Raw data:

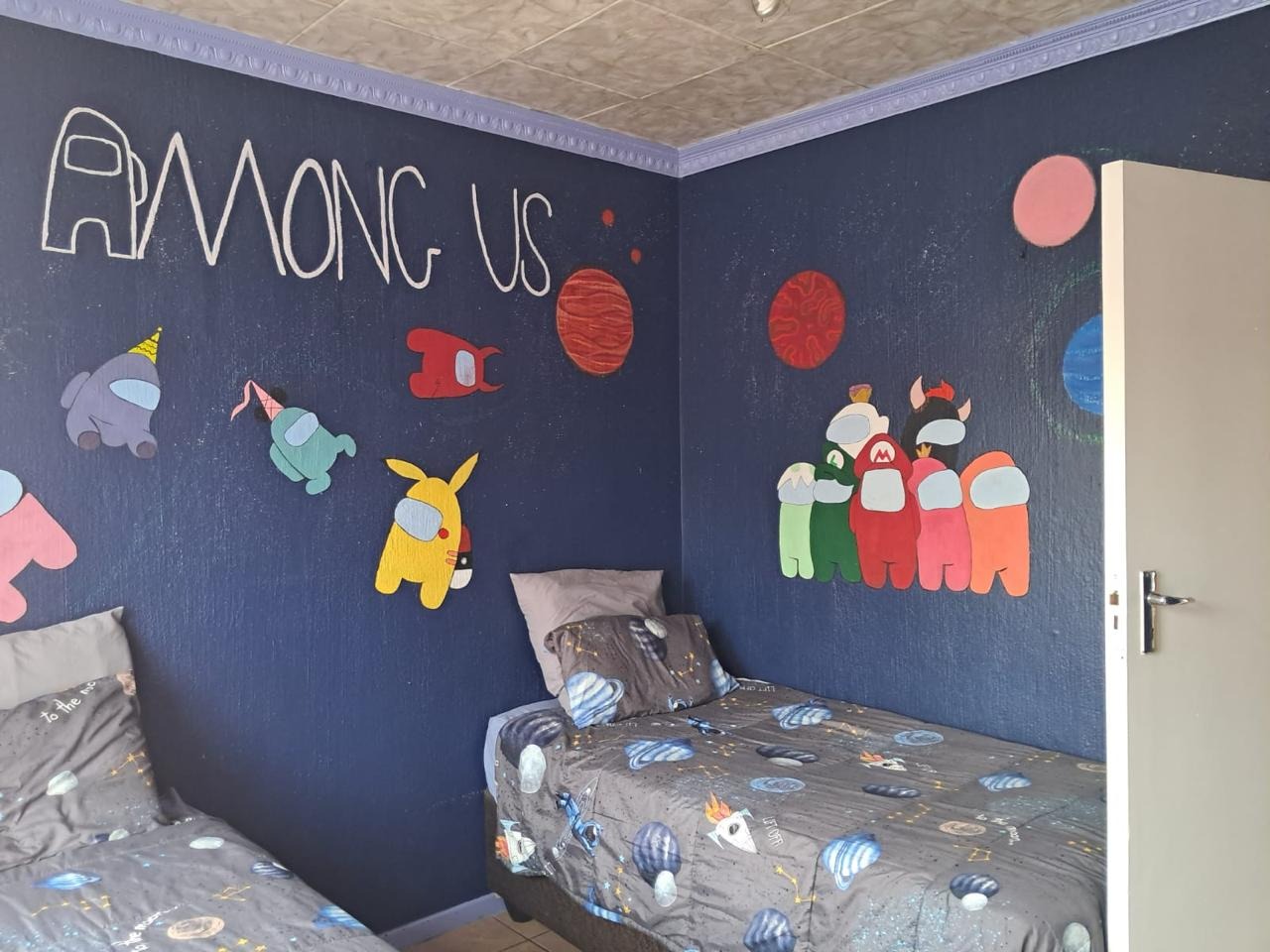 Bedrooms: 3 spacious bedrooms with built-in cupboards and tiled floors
==
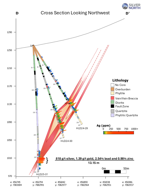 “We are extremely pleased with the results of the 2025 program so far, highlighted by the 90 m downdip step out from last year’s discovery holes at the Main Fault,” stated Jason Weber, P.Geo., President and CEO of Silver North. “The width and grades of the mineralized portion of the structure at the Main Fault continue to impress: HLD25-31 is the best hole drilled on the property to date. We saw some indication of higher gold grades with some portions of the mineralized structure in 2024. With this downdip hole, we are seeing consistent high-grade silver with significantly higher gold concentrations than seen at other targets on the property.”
==
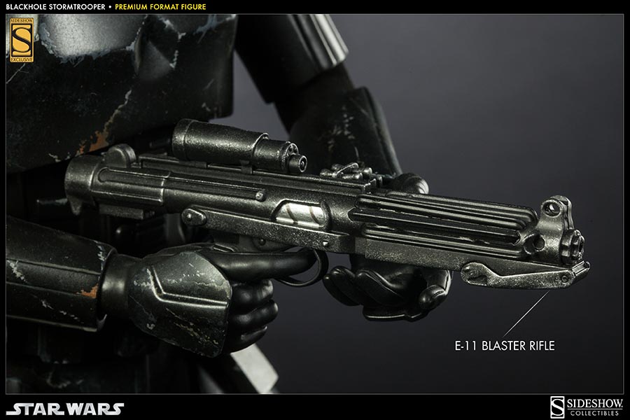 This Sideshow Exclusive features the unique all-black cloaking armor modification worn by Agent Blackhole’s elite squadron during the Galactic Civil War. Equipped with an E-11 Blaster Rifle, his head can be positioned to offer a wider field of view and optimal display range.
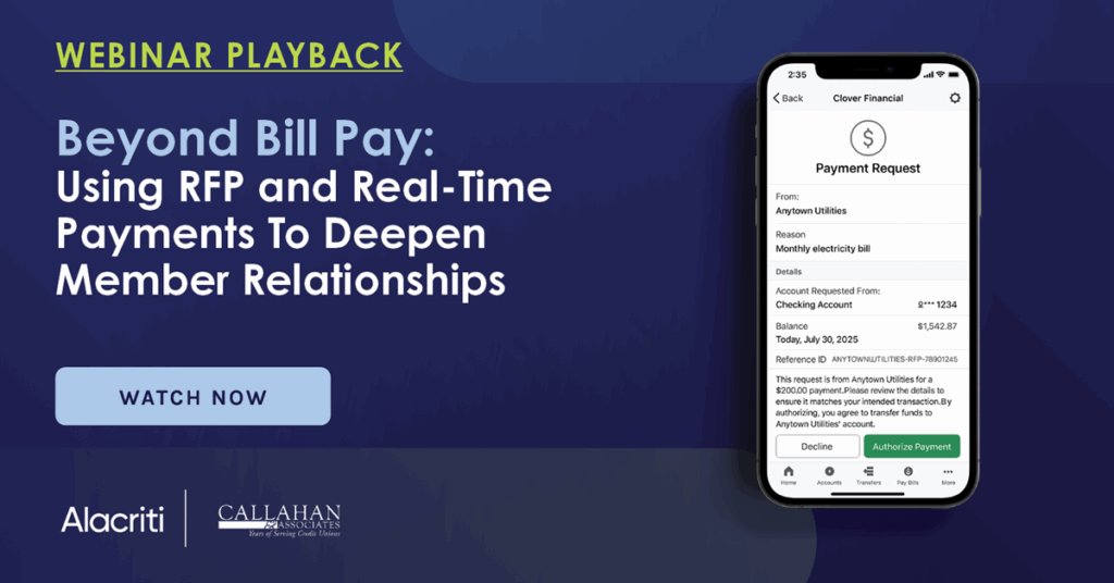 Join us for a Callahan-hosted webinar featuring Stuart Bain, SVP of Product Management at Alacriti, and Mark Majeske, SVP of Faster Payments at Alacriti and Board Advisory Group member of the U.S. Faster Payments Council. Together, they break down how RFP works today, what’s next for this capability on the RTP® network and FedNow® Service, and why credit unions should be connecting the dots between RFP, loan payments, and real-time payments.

Exercise directions: Above are the records; copy exactly the lines from the one with "This Sideshow Exclusive" through the one with "Join us for", including both, and nothing more. Leave out pictures.

Result of this exercise:
 This Sideshow Exclusive features the unique all-black cloaking armor modification worn by Agent Blackhole’s elite squadron during the Galactic Civil War. Equipped with an E-11 Blaster Rifle, his head can be positioned to offer a wider field of view and optimal display range.
 Join us for a Callahan-hosted webinar featuring Stuart Bain, SVP of Product Management at Alacriti, and Mark Majeske, SVP of Faster Payments at Alacriti and Board Advisory Group member of the U.S. Faster Payments Council. Together, they break down how RFP works today, what’s next for this capability on the RTP® network and FedNow® Service, and why credit unions should be connecting the dots between RFP, loan payments, and real-time payments.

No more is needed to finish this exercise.